The wow move — multi-form from one prompt

_infer_forms in adjutant/server.py returns a list of form IDs. A single voice request that mentions leave AND TDY AND counseling produces three filled PDFs in parallel — none of GenAI.mil, CamoGPT, Ask Sage, Milnerva, or EdgeRunner can do this.

Live demo:

Soldier: "I'm going to JRTC at Fort Polk July 14 for 5 days,
          need to counsel SPC Garcia tomorrow,
          and want 2 days of leave when I get back."

Adjutant: → DD-1351-2 (TDY voucher)
            • Per diem: Leesville, LA = $110 lodging × 5 days
            • M&IE = $68 × 5 days
            • Travel-day rule: 75% on departure + return
            • Total: $746
          → DA-4856 (counseling)
            • Soldier: SPC Garcia
            • Type: Performance / Corrective
          → DA-31 (leave, 2 days post-return)

Three real signed-ready PDFs. One voice request. ~15 seconds end-to-end.

Why this is novel

Capability	GenAI.mil	CamoGPT	Ask Sage	Milnerva	SergeantAI	EdgeRunner	Adjutant
Voice I/O conversational	❌	❌	❌	❌	❌	listens 1-way	✅
Offline / air-gapped	❌	❌	❌	❌	❌	✅ tactical	✅ admin
Cites AR/FM by section	generic	generic	generic	partial	one AR	generic	✅ multi-source
Auto-fills real DA-form PDF	❌	❌	❌	❌	❌	❌	✅
End-to-end persona flow	❌	❌	❌	❌	❌	❌	✅
Multi-form from one voice request	❌	❌	❌	❌	❌	❌	✅
3-tier graceful-degradation architecture	❌	❌	❌	❌	❌	❌	✅
Hands-free	❌	❌	❌	❌	❌	❌	✅

EdgeRunner serves tactical / SOF doctrine.

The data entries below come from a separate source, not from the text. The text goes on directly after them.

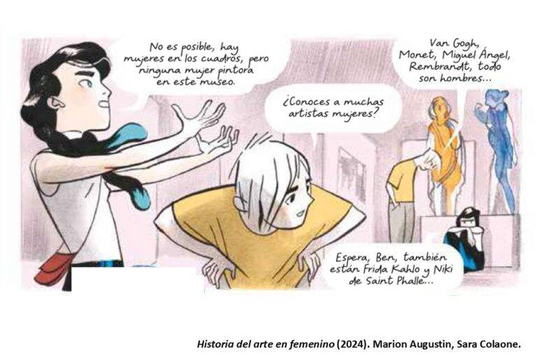 «[El cómic y la novela gráfica] se dirigen a todas las edades y a menudo son testimonio de una voluntad de transmitir de otra forma, de hacer emerger una generación diferente», recalca Morineau en el Prefacio de la novela gráfica Historia del arte en femenino (Histoire de l’art au féminin, 2024), publicado originalmente en francés por la editorial Casterman, y que en septiembre de 2025 se publica la versión castellana y catalana por la editorial Garbuix Books, con traducción en los dos casos de Montserrat Terrones, que actúa también como editora. Camille Morineau, especialista en conservación del patrimonio, es directora general y cofundadora de AWARE, acrónimo de Archives of Women Artists, Research & Exhibitions [Archivos de Mujeres Artistas, Investigación y Exposiciones]. Creada en 2014, la asociación tiene como objetivo «hacer visibles a las mujeres artistas de los siglos XVII al XXI produciendo y compartiendo contenido trilingüe gratuito (francés/inglés/japonés) sobre su trabajo en su sitio web». En el prefacio de la novela gráfica indicaba que en esa primera década se había recogido la vida y obra de 1.150 artistas.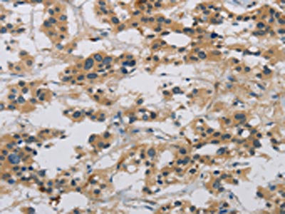 • The image is immunohistochemistry of paraffin-embedded Human thyroid cancer tissue using CSB-PA763138(CASP9 Antibody) at dilution 1/60. (Original magnification: ×200)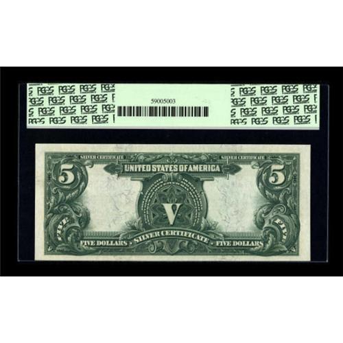<B>Fr. 273 $5 1899 Silver Certificate PCGS Very Choice New 64.</B></I> Solid margins run along the top and bottom edges of this issue. Overall, the eye appeal is closer to Gem. <BR><BR><b>Shipping:</b> Coins & Currency (<a target="_blank" href="http://www.heritageauctions.com/common/shipping.php">view shipping information</a>)

Adjutant serves the bureaucratic tail.

Why this matters

Stat	Source
Army company leaders work 12.5-hour days — longer than 96% of all American workers. Less than ⅓ on actual readiness.	RAND Corporation
Companies submit "three to four dozen monthly reports" — "one week every month for company command teams"	Modern War Institute (West Point)
GenAI.mil rolled to 1.2M users, but admits "automating thousands of man-hours" of paperwork is the gap	DefenseScoop / War.gov, Dec 2025
GenAI.mil is web-only, desk-only, requires CAC	Small Wars Journal, Jan 2026

TAM: 3M service members × 6 hrs/wk on paperwork × $25/hr loaded = $23.4 billion/year in recoverable mission-readiness labor.

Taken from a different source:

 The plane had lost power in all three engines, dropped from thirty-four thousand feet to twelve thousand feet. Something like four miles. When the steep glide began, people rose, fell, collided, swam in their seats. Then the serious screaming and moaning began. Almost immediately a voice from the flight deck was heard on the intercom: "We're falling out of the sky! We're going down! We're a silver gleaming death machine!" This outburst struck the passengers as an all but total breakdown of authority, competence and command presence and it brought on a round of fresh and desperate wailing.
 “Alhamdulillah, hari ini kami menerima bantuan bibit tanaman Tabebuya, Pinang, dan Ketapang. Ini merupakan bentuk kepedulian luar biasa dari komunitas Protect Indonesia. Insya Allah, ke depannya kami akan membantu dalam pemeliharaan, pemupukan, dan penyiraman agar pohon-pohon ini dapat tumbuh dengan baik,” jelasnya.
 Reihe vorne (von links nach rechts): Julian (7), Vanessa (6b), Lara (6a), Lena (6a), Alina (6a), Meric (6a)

Reliability — architecturally cannot hallucinate

This is the Mohindra-targeting move (MIT Lincoln Lab AI Test & Evaluation lead is one of our judges):

Soldier asks about a regulation NOT in our corpus
    ↓
RAG retrieval returns 0 chunks above score-threshold (0.35)
    ↓
LLM is constrained to retrieved-context-only prompt
    ↓
Adjutant replies: "I don't have AR <X> in my regulation corpus.
                   Check with your S1 or pull it from armypubs.army.mil.
                   I won't guess on regulation language."

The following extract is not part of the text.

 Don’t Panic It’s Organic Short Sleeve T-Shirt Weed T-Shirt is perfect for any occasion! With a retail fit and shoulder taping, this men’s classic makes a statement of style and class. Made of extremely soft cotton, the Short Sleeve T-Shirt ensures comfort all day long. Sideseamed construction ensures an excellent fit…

Side-by-side eval planned for Phase 2: 25 questions × Adjutant vs. GenAI.mil's hosted Gemini, measuring hallucination rate on out-of-corpus regulation queries. Adjutant's retrieval-grounded refusal vs. Gemini's confident fabrications.

Tiered retrieval architecture (HOT / WARM / COLD)

Adjutant's retrieval gracefully degrades when any tier goes down — designed for DDIL (Denied / Degraded / Intermittent / Limited) deployment:

Tier	Lives on	Latency	Demo corpus	Production scale
HOT	The soldier's laptop, in-process	< 50 ms	34 docs (form-target ARs + most-touched regs)	~30 docs
WARM	Simulated on-base NIPR file server (`localhost:8001`)	~200 ms	172 docs (broader admin)	~500 docs
COLD	Simulated cloud (`localhost:8002`)	~1.5 s	727 docs (specialty regs)	~5,000 docs (with DTIC integration)

All three speak the same POST /retrieve JSON protocol with versioned headers. Pull the network plug mid-demo and Adjutant keeps working — HOT alone serves SGT Chen's leave + TDY + counseling questions correctly. The richer tiers enrich when reachable, never block when unreachable.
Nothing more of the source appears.